2008-Nov-24 15:25 UTC

head link

[LLVMdev] Does current LLVM target-independent code generator supports my strange chip?

> The machines I worked with didn't support any integer ops, but GLSL
> let us get by with "emulated" 16 bit integers (storing and
operating
> on them as floating point; divides required truncation after the op -
> that sort of thing).
Although my platform indeed supports integer operations, however, it
only supports integer +,-,*, not /. The document says if I need to do
integer division, I have to convert them to floating point first.
Hence, I have similar problems.
So...
Does your method means you write some codes in your 'frontend' to emit
LLVM IR to convert the integer to floating point first, then perform
the operations, and then convert the result back to integer?
Or you write such codes in your 'backend'?

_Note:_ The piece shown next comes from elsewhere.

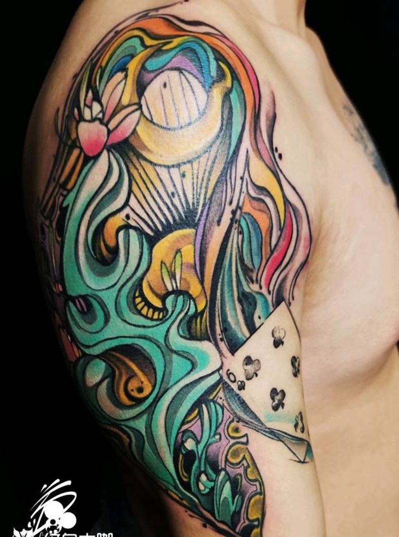 当前位置: 首页 >辽宁省沈阳市纹身店-沈阳513刺青纹身图案>原创大臂纹身图片_手臂New School仙人掌太阳月亮彩虹纹身图案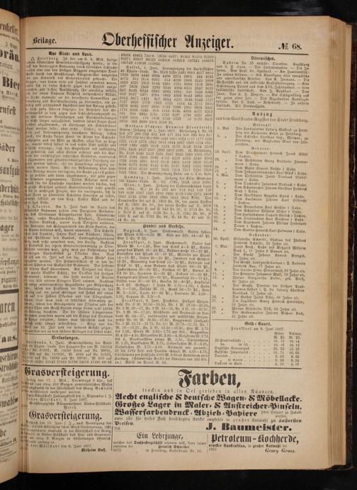 Aus Stadt und Land. Friedberg. In der am 6. d. abten öffentlichen Gemeinderathssitzung wurde, in Be⸗ eff der beantragten Erbauung eines städtischen Schlacht— LgLuses eine von den hlesigen Metzgern eingereichte Denk— bFrift durch den Großherzogl. Bürgermeister vorgelesen nd zur Kenntniß des Gemeinderaths gebracht. Die ketzger, von denen viele als Zuhörer anwesend waren, aben sich in dieser Schrift gegen das Projekt aus ge⸗

No matter what your answer is, I think the 'frontend' approach is more
cleaner than the 'backend' approach (The 'backend' approach is
more
like a hack?). Am I right? Or writing such mechanism in backend has
other advantages?
> What I mean is that you can probably get away with LLVM working with
> float literals as f32, then converting them to your 24 bit format
> during code gen.
I think I got you here.
> Integers too: let LLVM work with i32 internally, and convert literals
> during code gen.
Huh.. I think I got you here, too.
But I probably don't know how you handle integer constants larger than
24-bit.
For example, if I sees the following instructions during code gen:

int %a, add int %b, int 0x12345678

Do I have to emit machine instructions similar to the following?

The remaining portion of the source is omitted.